WORK TO BE COMPLETED:
Using the lines below, work out the count of those that hold "mobile". Give the number only.

DATA FOR THIS EXERCISE:
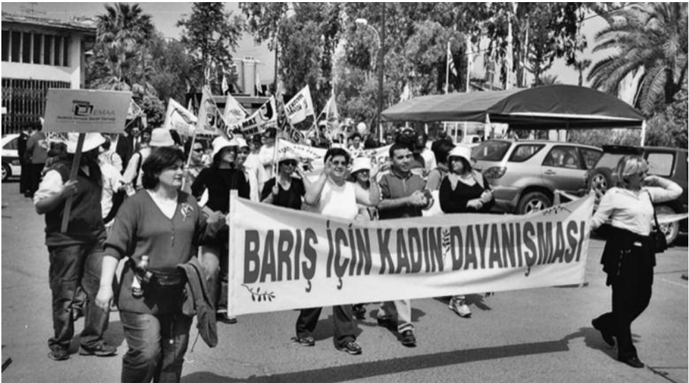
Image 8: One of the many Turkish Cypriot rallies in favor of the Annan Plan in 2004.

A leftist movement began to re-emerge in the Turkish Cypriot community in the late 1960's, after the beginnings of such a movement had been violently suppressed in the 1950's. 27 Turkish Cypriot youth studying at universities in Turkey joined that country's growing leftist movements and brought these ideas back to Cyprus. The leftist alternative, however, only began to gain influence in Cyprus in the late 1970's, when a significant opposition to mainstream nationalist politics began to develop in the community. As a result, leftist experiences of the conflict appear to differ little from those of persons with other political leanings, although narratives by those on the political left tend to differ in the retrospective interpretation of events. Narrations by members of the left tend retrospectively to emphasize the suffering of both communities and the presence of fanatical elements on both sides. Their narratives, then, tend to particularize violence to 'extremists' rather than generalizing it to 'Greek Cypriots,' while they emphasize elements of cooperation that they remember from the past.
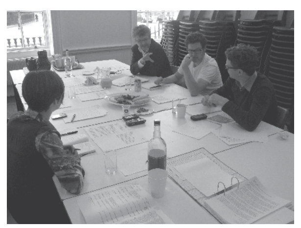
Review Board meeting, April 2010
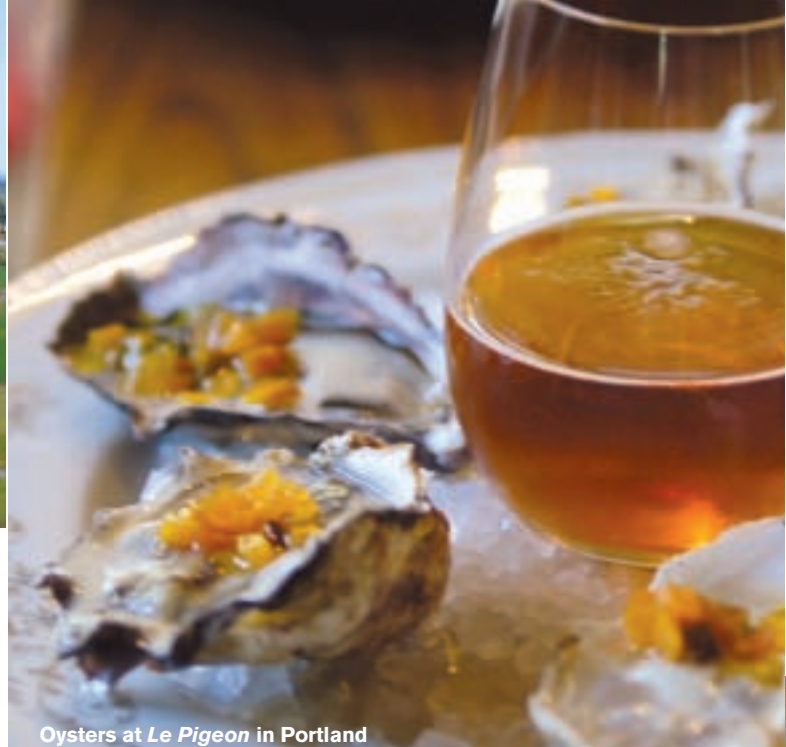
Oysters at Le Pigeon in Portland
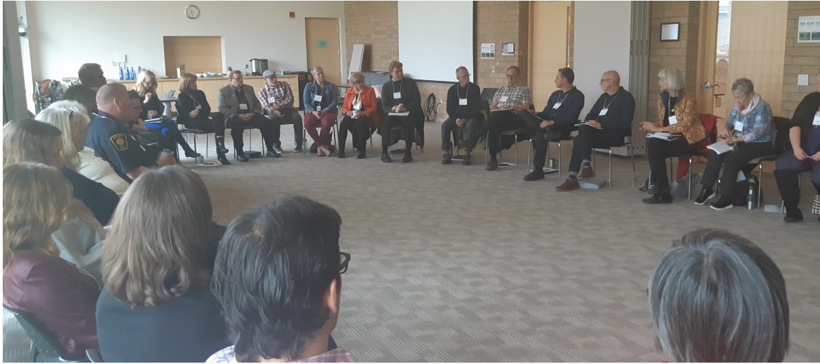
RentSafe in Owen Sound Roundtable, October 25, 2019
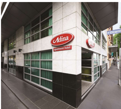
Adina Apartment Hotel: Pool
---
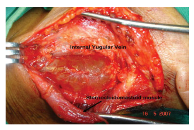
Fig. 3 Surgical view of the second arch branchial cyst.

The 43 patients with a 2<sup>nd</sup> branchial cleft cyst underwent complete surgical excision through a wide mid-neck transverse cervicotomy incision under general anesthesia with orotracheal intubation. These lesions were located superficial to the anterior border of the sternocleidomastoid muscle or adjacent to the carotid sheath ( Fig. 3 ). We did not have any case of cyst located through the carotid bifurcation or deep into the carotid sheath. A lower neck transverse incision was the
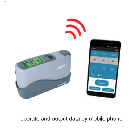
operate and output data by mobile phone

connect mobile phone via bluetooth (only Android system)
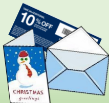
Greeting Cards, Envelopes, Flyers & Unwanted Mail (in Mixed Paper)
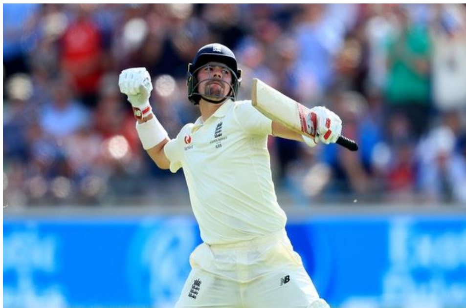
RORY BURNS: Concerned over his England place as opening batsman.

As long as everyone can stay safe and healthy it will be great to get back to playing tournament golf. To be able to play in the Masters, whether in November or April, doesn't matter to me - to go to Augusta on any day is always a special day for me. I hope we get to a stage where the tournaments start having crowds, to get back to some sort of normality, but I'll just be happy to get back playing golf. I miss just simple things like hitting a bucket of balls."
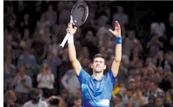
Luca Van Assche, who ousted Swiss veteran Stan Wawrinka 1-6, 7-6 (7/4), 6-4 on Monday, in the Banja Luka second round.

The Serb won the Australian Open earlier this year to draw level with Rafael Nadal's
...
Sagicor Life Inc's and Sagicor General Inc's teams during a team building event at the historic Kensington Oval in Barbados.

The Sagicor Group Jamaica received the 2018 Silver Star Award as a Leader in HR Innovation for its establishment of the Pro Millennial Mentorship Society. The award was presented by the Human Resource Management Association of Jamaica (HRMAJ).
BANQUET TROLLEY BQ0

EXERCISE ANSWER:
2